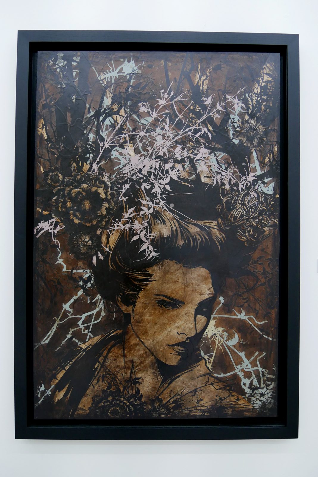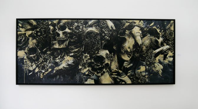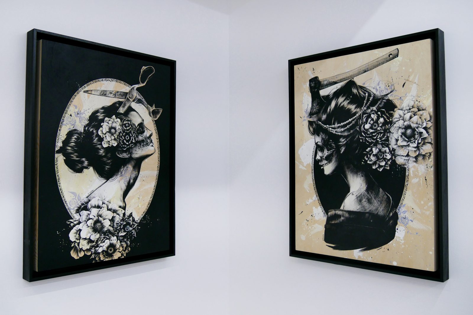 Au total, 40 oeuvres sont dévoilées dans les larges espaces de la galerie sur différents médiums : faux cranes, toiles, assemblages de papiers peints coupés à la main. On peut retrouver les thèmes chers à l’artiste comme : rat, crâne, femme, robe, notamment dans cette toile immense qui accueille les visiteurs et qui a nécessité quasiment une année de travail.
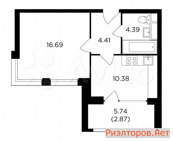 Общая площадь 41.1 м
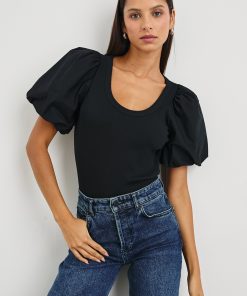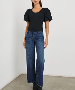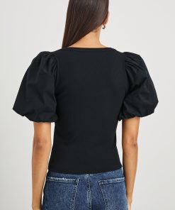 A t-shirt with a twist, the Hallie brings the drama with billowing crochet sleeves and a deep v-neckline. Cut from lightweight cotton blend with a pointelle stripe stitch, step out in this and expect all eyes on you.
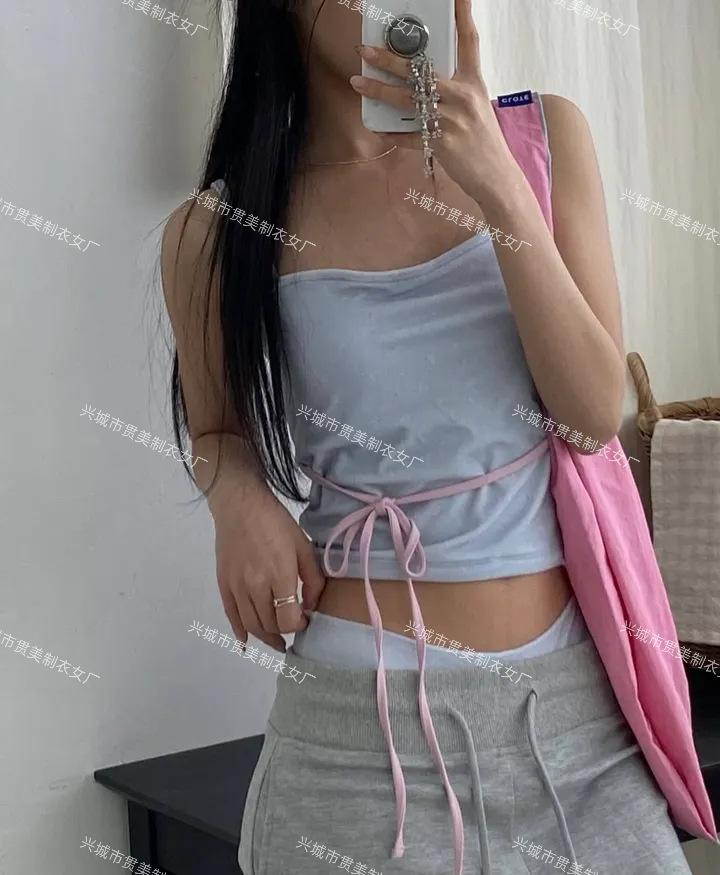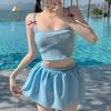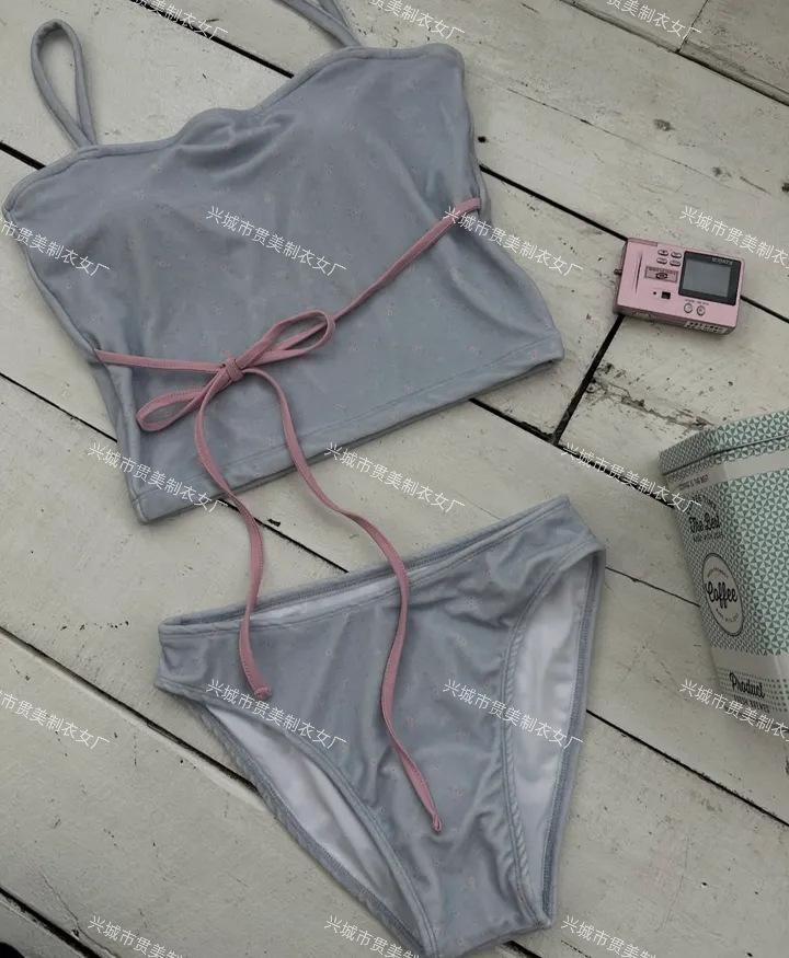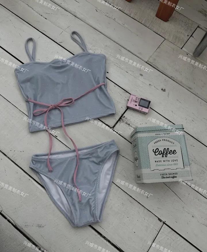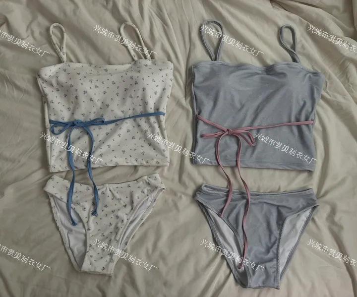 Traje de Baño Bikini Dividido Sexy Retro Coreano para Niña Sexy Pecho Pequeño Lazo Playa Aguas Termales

==

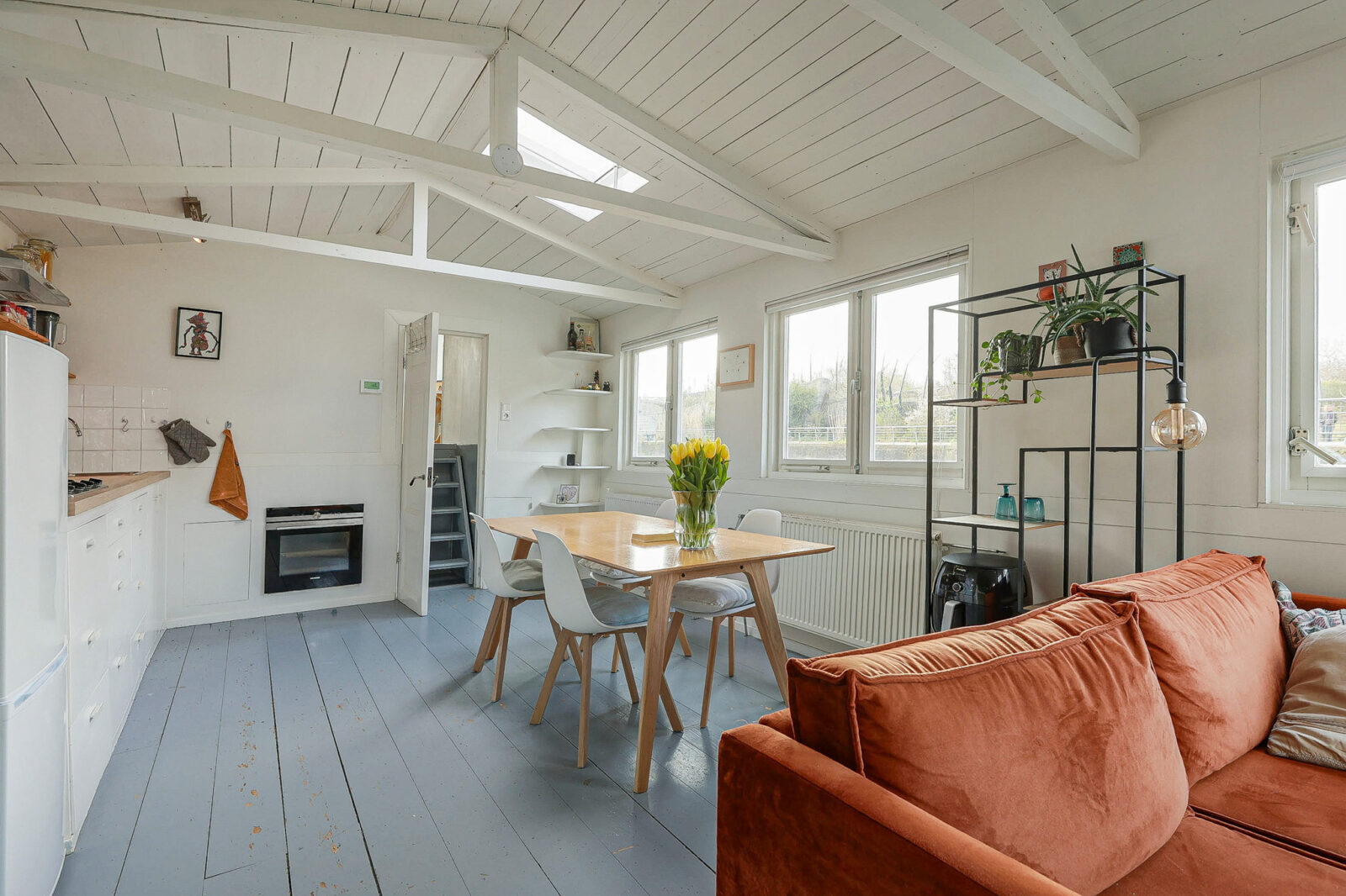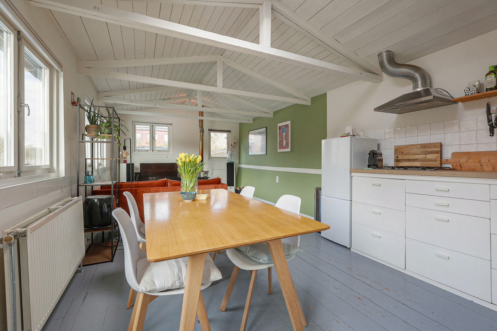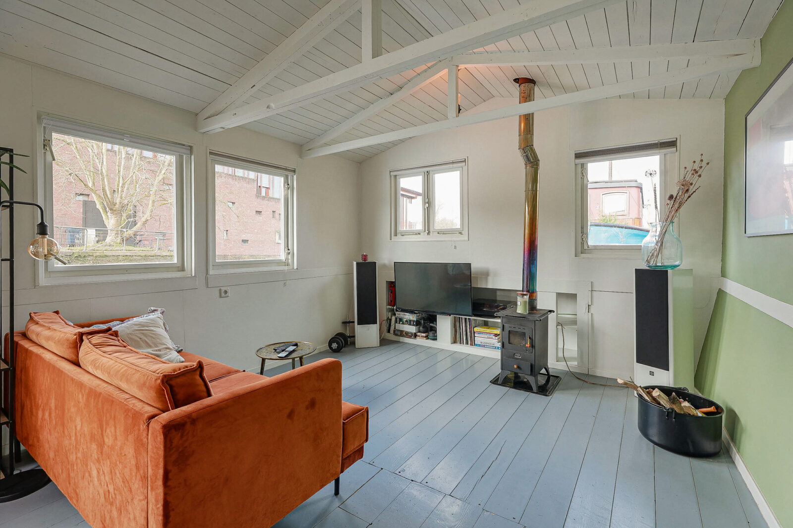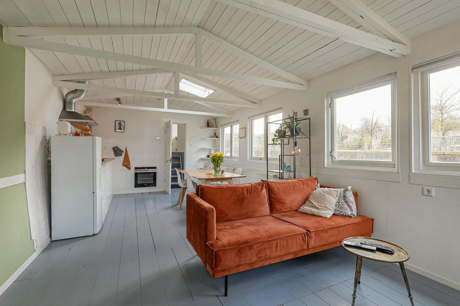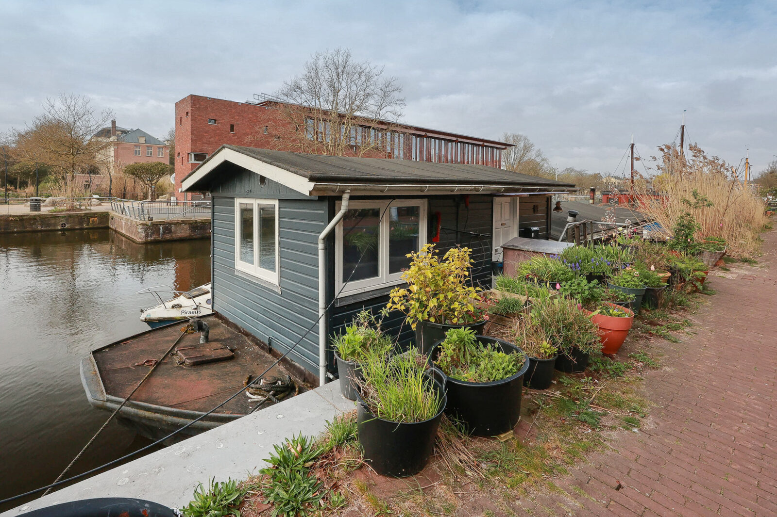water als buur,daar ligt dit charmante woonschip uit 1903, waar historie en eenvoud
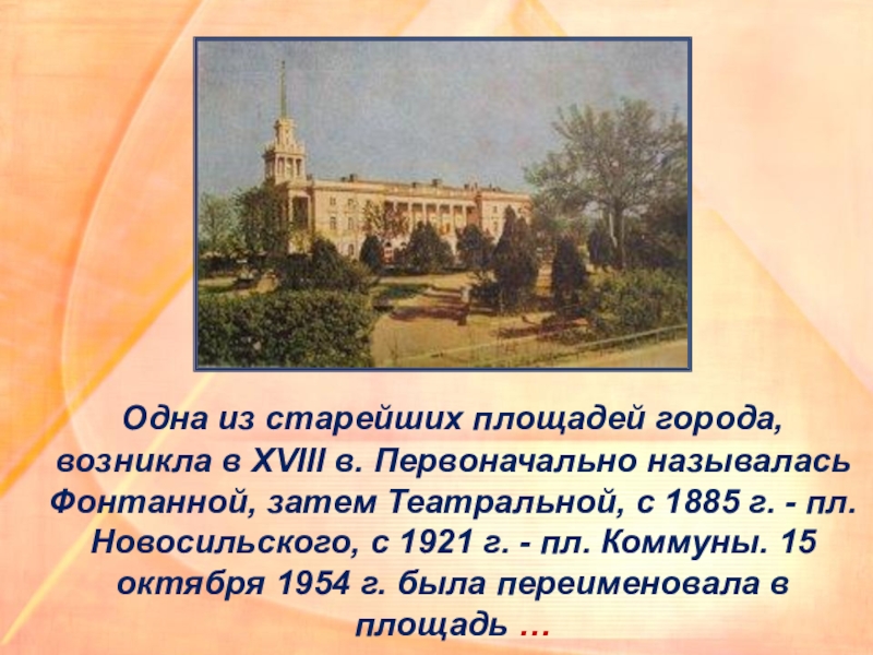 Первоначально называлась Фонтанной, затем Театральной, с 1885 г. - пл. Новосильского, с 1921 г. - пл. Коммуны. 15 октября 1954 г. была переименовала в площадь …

● **REQUIRED ACTION**:
From the entries above, copy exactly the lines starting at the one with "A t-shirt with" and stopping at the one with "Traje de Baño", keeping both ends. Drop the pictures.

● **RESPONSE TO THIS EXERCISE**:
 A t-shirt with a twist, the Hallie brings the drama with billowing crochet sleeves and a deep v-neckline. Cut from lightweight cotton blend with a pointelle stripe stitch, step out in this and expect all eyes on you.
 Traje de Baño Bikini Dividido Sexy Retro Coreano para Niña Sexy Pecho Pequeño Lazo Playa Aguas Termales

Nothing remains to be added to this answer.